- Born: 1949 (age 76–77)
- Education: University of Tasmania
- Spouse: William C. Erickson
- Scientific career
- Thesis: Non-thermal galactic background radiation (1977)

= Hilary Cane =

Space physicist

Hilary Cane is planetary scientist known for her research on solar energetic particles.

== Education and career ==
Cane earned her Ph.D. in radio astronomy from the University of Tasmania in 1978. In 1979, following her Ph.D., she joined the National Aeronautics and Space Agency's Goddard Space Flight center to work on the International Cometary Explorer. The data from her work provided evidence for a new class of radio bursts called SA events, which defined the characteristics of radio emission from interplanetary shocks. Following this, in 1984, Dr. Cane continued to work with solar and galactic particle observations from Interplanetary Monitoring Platform-8 (IMP 8). In the years following, Cane and her husband William Erickson split their time between Maryland and Bruny Island, Tasmania, where Cane continued to work at the Goddard Space Flight Center.

In 2014, Cane was elected a fellow of the American Geophysical Union "for elucidating the relative roles of flares and coronal mass ejections as sources of energetic particles from the Sun."

Since 2003, Cane has been a member of the International Astronomical Union.

== Research ==
Cane's research investigated the abundance of solar energetic particles and the magnetic field of the sun and coronal mass ejections, particles released from the sun that interfere with power grids.

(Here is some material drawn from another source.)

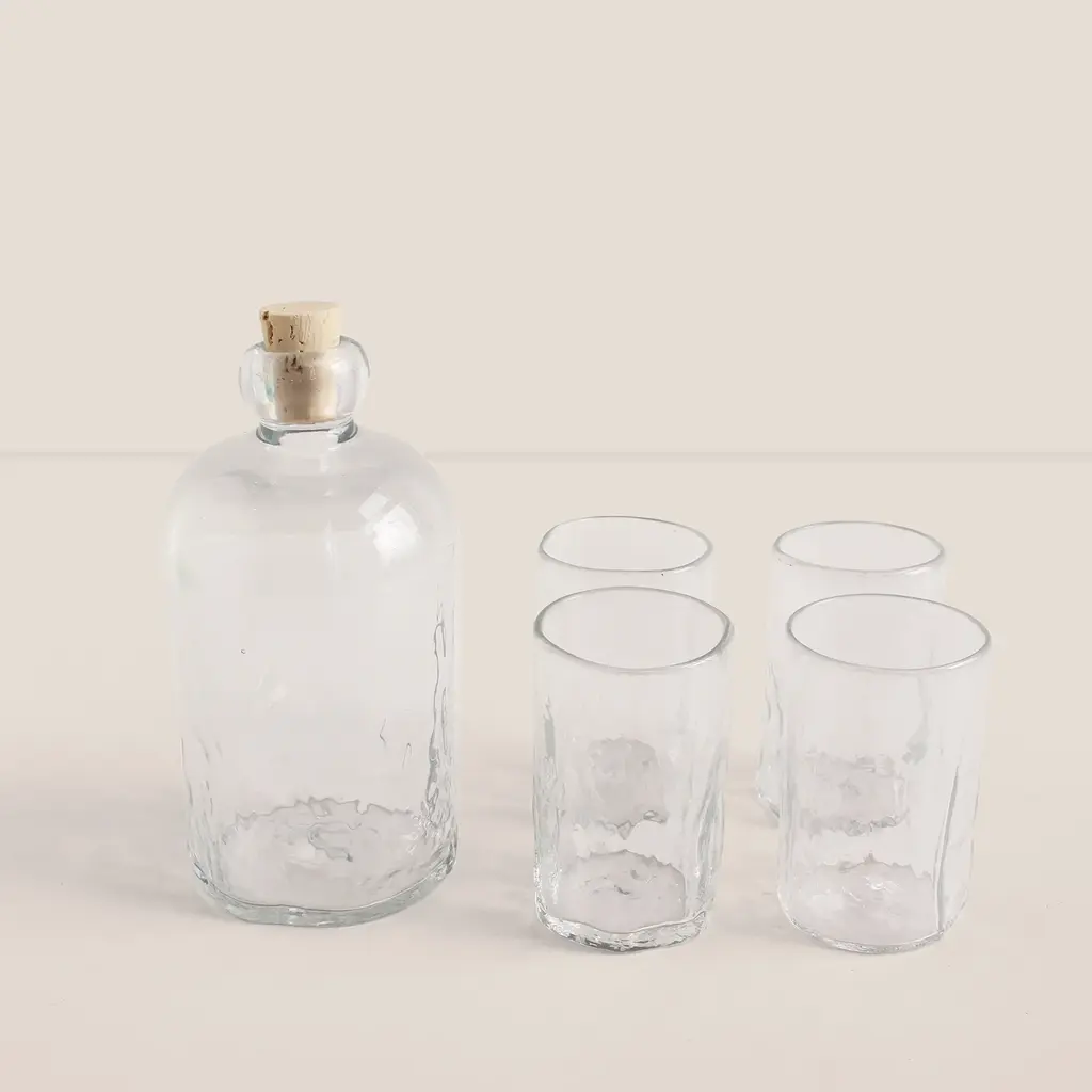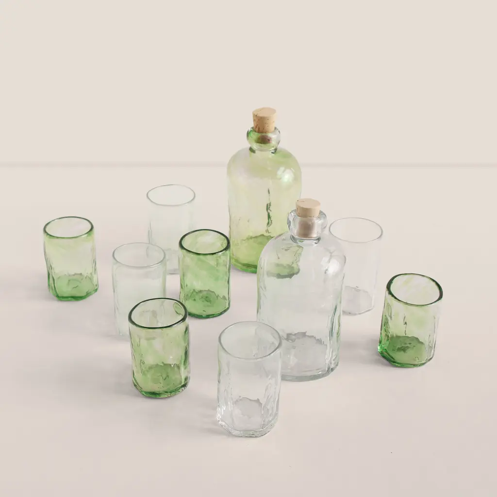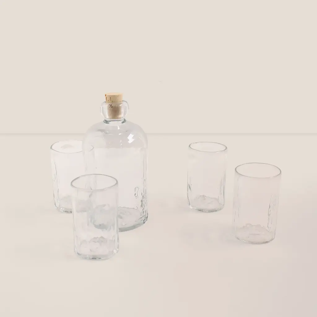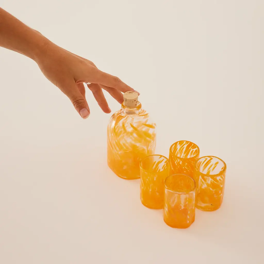 If you’re seeking a colorful glassware set that will look equally at home on a holiday table as on a relaxed summer evening outside, you’ve found your perfect match. Sustainably hand-blown in Oaxaca using recycled glass from local villages, this superb Xaquixe ensemble exclusive to Goodee will bring joy to any occasion with its organic silhouette, durable construction, and sustainable credentials. Each Xaquixe glassware piece is blown by hand making each item unique. * This set includes one carafe with a cork stopper and four tumblers.

=== Selected publications ===
- Richardson, I. G. (2010). "Near-Earth Interplanetary Coronal Mass Ejections During Solar Cycle 23 (1996 – 2009): Catalog and Summary of Properties"
- Cane, Hilary V. (2000). "Cosmic Rays and Earth"
- Cane, H. V. (2002). "Solar flares, type III radio bursts, coronal mass ejections, and energetic particles"
- Rosenvinge, Tycho Von (2006). "Solar Eruptions and Energetic Particles"
- "Hilary V. Cane." NASA.gov, NASA, science.gsfc.nasa.gov/670/seminar/previous_lep/fall2000/

== Awards and honors ==
- Fellow, American Geophysical Union (2014)

== Personal life ==
Cane started orienteering in the mid-1970s and has published a walker's guide to Bruny Island. Cane was married to the astronomer William C. Erickson who established the Bruny Island Radio Spectrometer before he died in 2015.